• Dataset excerpts:
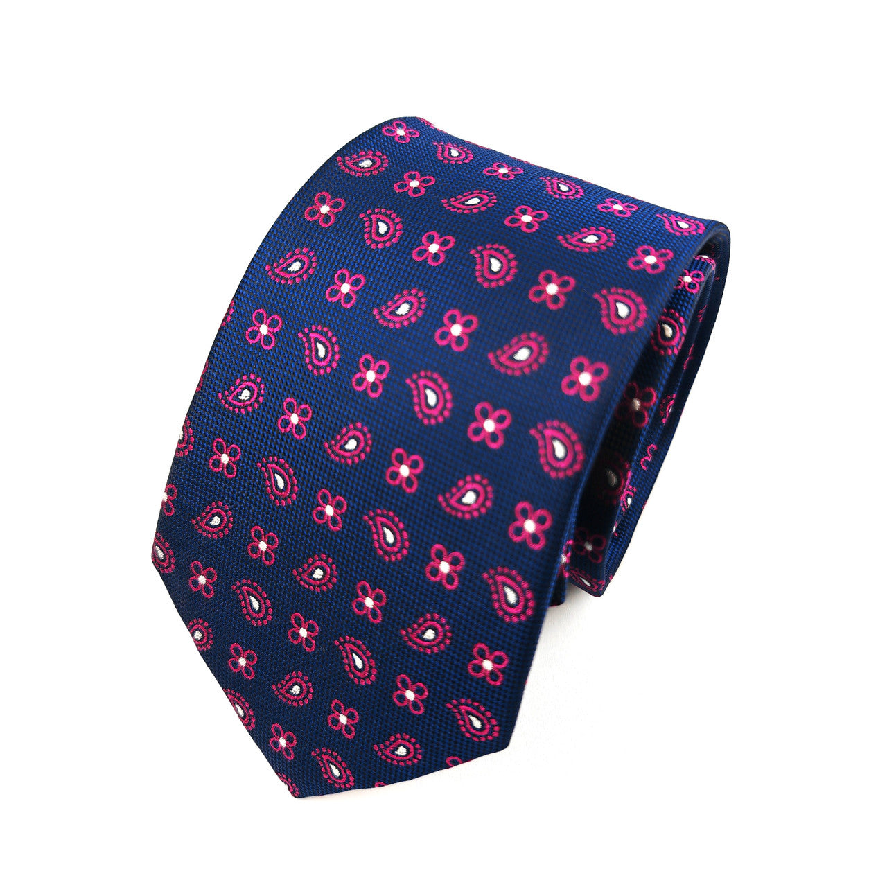 Ensemble cravate et pochette géométriques bleu marine et magenta
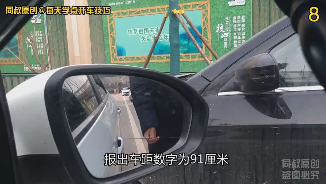 无论是在侧方位停车时还是在倒库停车时,也无论是左侧还是右侧,我们都需要对相邻车辆进行车距判断,那在车内驾驶员位置,如何做到不下车就能有效判断车距呢?
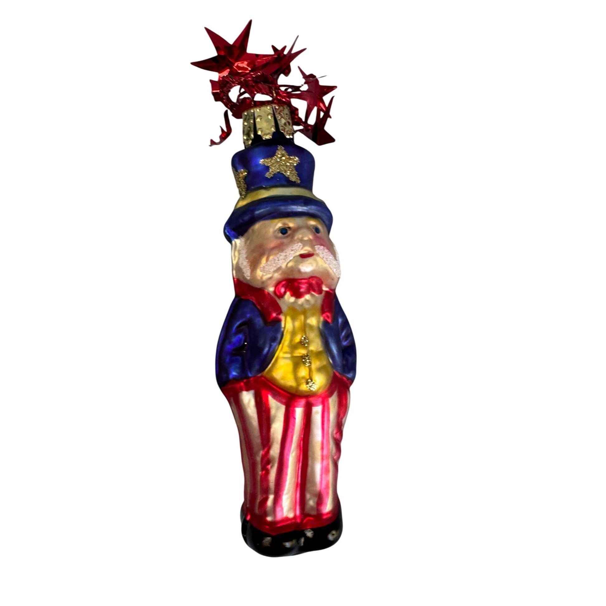 German Blown Glass Christmas Ornament Uncle Sam Red White Blue 4 1/2 Inch
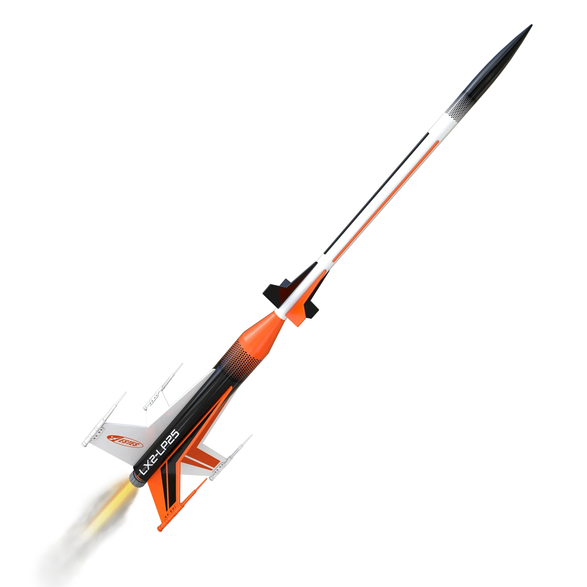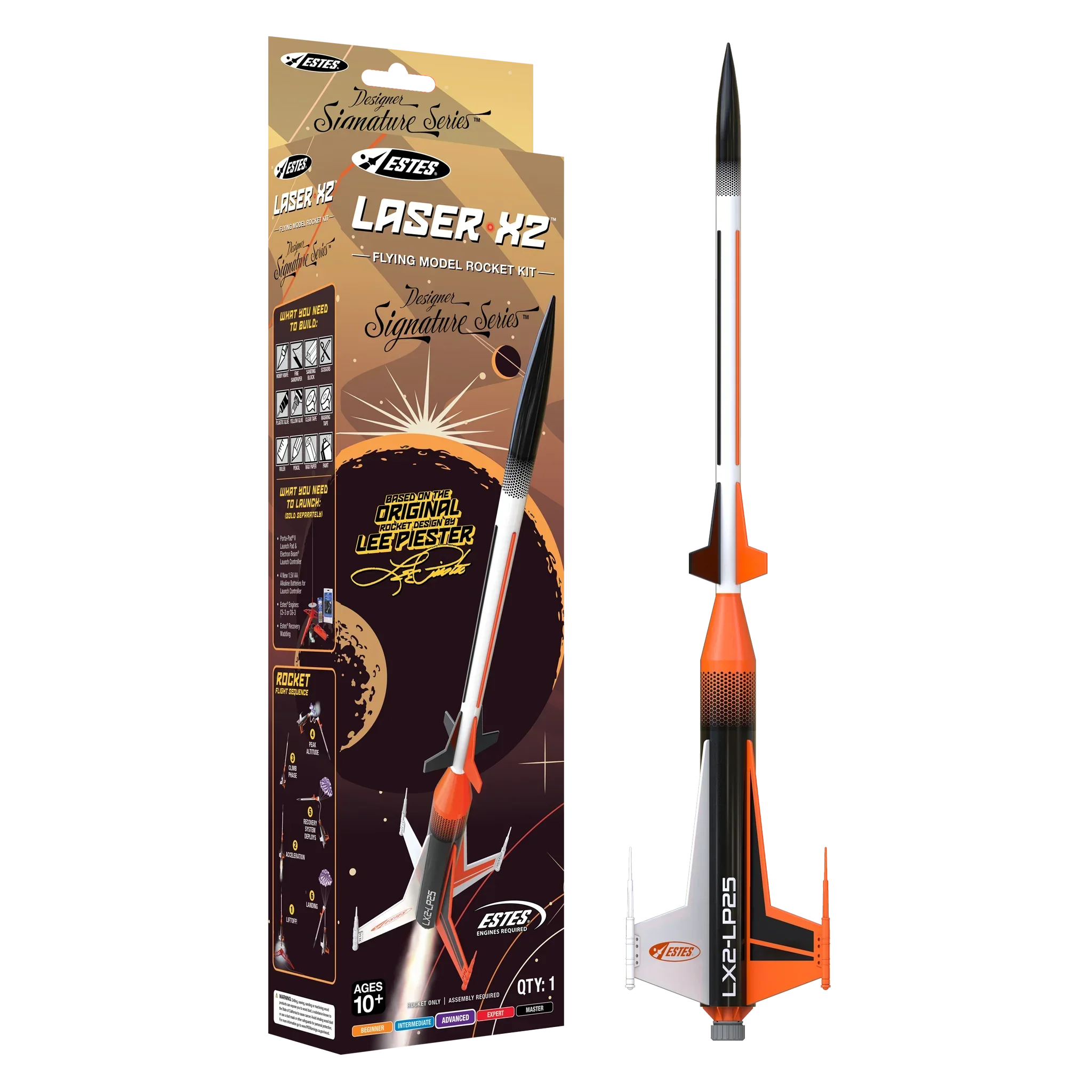 With its intricate fin tip details, distinctive boat tail, and redesigned decals, the Laser X2™ soars up to 450 feet on recommended C5-3 or C6-3 engines before deploying a 15-inch parachute for a smooth recovery. More than a rocket, it’s a hands-on tribute to exploration and innovation.
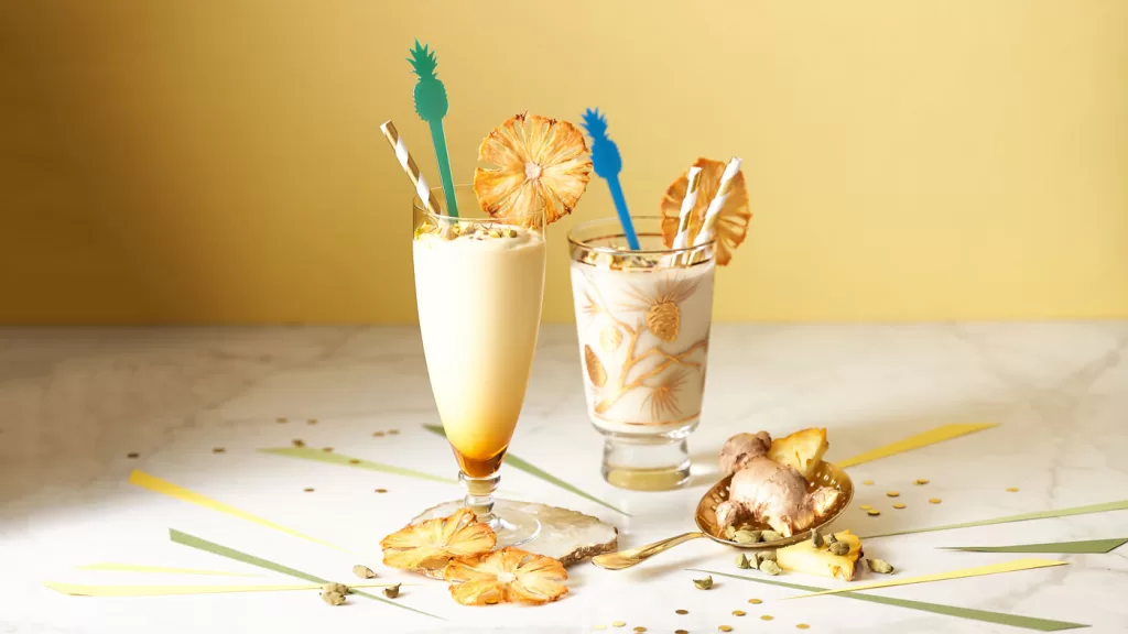 - For the lassi: Blend coconut yoghurt, frozen banana, ground cardamom, OKUSHAL GINGER & PINEAPPLE, ice and blend until smooth.
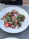 The outdoor area is very nice, but even inside gives a feeling of being outside with the open walls. The food is good, with a nice amount of kick to some of the items. They start you off with break accompanied by an assortment of olives, a nice touch. We had the Moroccan chicken soup (a special that day), the butter lettuce salad, and the free range chicken. All were quite good in quality and prep, the salad very generously sized so if we had added a protein would have been an satisfying entree by itself. The chicken had a unique (in a good way) sauce. Staff was friendly and attentive.

• Task prompt: Keep the pictures out and repeat exactly the lines from the beginning of the data through the line that contains "German Blown Glass", both ends included.

• Written answer:
 Ensemble cravate et pochette géométriques bleu marine et magenta
 无论是在侧方位停车时还是在倒库停车时,也无论是左侧还是右侧,我们都需要对相邻车辆进行车距判断,那在车内驾驶员位置,如何做到不下车就能有效判断车距呢?
 German Blown Glass Christmas Ornament Uncle Sam Red White Blue 4 1/2 Inch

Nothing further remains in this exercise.